With respect to the results of survival analysis, in patients with stage I, II, and III gastric cancer, the 5-year survival rate for those with high Dickkopf-1 expression was significantly lower than that of patients with low expression. However, for stage IV, expression did not correlate with the 5-year survival rate. Multivariate analysis suggested that the depth of invasion, lymph node and distant metastasis, TNM stage, and Dickkopf-1 up-regulation were independent prognostic indicators for gastric cancer. It is known that Dickkopf-1 expression correlates with a reduction in disease-free survival and is an independent predictor of poor prognosis in human esophageal squamous cell carcinoma [19]. In ovarian serous carcinoma, Wang and Zhang also showed that the level of Dickkopf-1 expression is associated with adverse outcomes. Dickkopf-1, P-JNK1, and the coexpression of Dickkopf-1 and P-JNK1 were all unfavorable prognosis factors for ovarian serous carcinoma patients. Dickkopf-1, alone or combined with P-JNK1, was an independent predictor for the 5-year survival [17]. Additionally, Dickkopf-1 secreted and stably expressed in cerebral fluids can also be applicable to detect presence of glioblastoma and to develop novel prognostic treatments [20].

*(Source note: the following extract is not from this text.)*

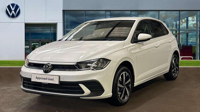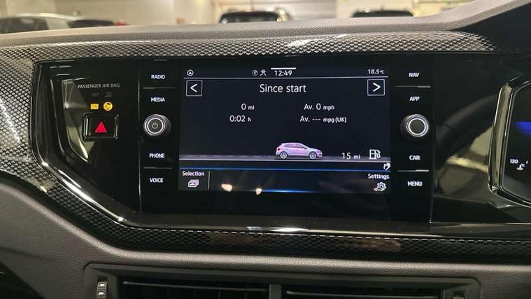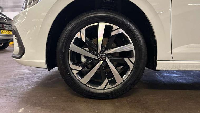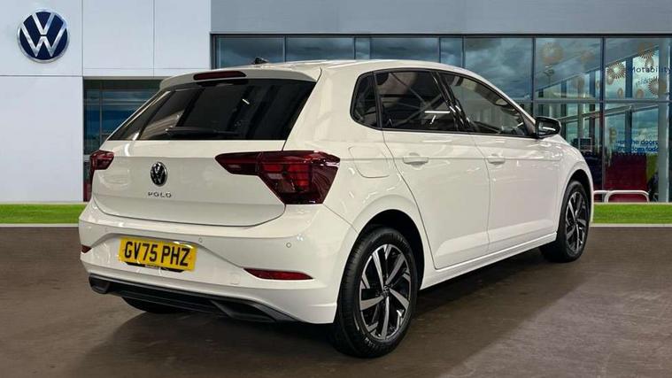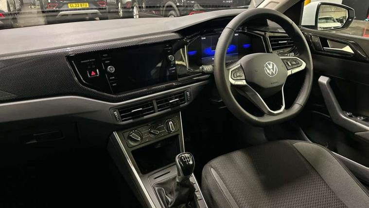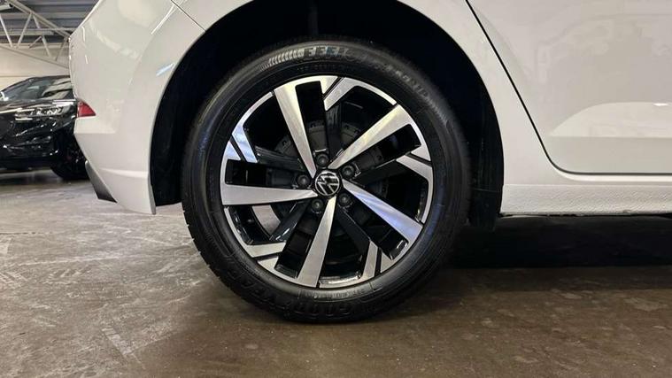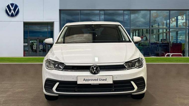 Adaptive cruise control without follow-to-stop and speed limiter, Advanced driver attention and drowsiness monitor, Bluetooth mobile phone interface, Dynamic road sign display, Emergency call service, Mobile phone preparation with inductive charging function, Multifunction front facing camera for distance control, Power assisted speed sensitive steering, Preparation for navigation system with media and internet package, Preparation for We connect and We connect plus, Rear view camera, Speedo and rev counter, electronic odometer, trip, service interval display and exterior temperature gauge, Standard rear axle, Travel Assist - Lane keeping system and traffic jam assist, Travel assist including emergency assist, Trip computer, Warning signal and warning light for front and rear seatbelts not fastened, Washer fluid level indicator, Wireless app connect, Front wheel drive, Rear shock absorpion, Start-stop system with battery regeneration (recuperation - energy recovery during braking), DAB Digital radio, Diversity antenna for FM reception, Automatic dimming interior rear view mirror, Automatic headlight control with LED separate daytime running lights with coming/leaving home function, Body colour bumpers with chrome inserts, Body colour door handles, Body colour door mirrors, Electric front windows, Engine badge deletion, Headlight range adjustment, Heat insulating and laminated safety glass windshield, LED Headlights, LED rear combination lamps, Power folding adjustable/heated exterior mirrors and front passenger exterior mirror lowering function, Rain sensor, Rear electric windows, Rear fog light, Rear side wing doors, Rear tinted glass from B-pillar backwards approx 65% tinted, Rear windscreen washer and wiper with interval delay, Third brake light, 12V power socket in centre console, 2 front and 2 rear reading lights with switch off delay and dimmer, 2 USB-C ports in the front, 2 USB-C charging sockets on the center console in the rear, 3 rear head restraints, 60/40 split folding rear seat and rear seat bench not split, Carpet mats, front and rear, Ceramique roof lining, Chrome plated radiator grille inserts, air vent surrounds and light switch surrounds, Door and side trim panel, Driver and front passenger seat height adjustment, Driver/passenger sunvisors with illuminated vanity mirrors, Front centre armrest, Front seat backrest storage pockets, Front standard seats, Handbrake lever handle in leather, Hartley/Thomas cloth upholstery, Headliner in recycled material, Isofix child seat preparation easy-fit (for two outer rear seats, and front passenger seat) compatible with I-size, Leather trimmed gear knob, Luggage compartment cover, Luggage compartment lighting, Removable luggage compartment floor, Single front passenger seat, Standard climatic zones, Standard pedal cluster, Three spoke leather wrapped multifunction steering wheel, Light and vision pack - Polo, 3 point height adj front seatbelts + pretensioners, 3 point seat belt for centre rear seat, 3 point seatbelts, outer rear with ECE lable, ABS, Driver and front passenger airbag with front passenger airbag deactivation, Drivers and front passengers safety optimised head restraints, ESC (Electronic stability control) + EDL (Electronic Differntial lock) and ASR (Traction control), Extended and predictive pedestrian/ cyclist protection, Front assist with autonomous emergency braking (for Adaptive Cruise Control ACC up to 130 mph), Front curtain and side airbags with center airbag, Front disc brakes, Hill hold control, Manual child lock in rear doors, Rear drum brakes, Single tone horn, Tyre pressure loss indicator, Alarm with interior protection, Anti-theft alarm system with interior monitoring, backup horn, and towing protection, Anti-theft wheel bolts, Electronic engine immobiliser, Lava stone black gloss/matt decorative inserts in dash and front door panels, 16" Torsby alloy wheels, Low rolling resistance tyres,

In conclusion, our data showed that a subset of patients with gastric cancer had overexpression of Dickkopf-1, which was associated with an aggressive clinical course and poor overall survival. Therefore, Dickkopf-1 may play a significant role in the progression of gastric cancer, which was consistent with most other cancers. In addition, such information may direct us toward novel therapeutic and prognostic possibilities for treating gastric cancer and improving patient outcomes. This is the first report to suggest a relationship between Dickkopf-1 and prognosis in patients with gastric cancer, and further prospective analysis would be worth doing.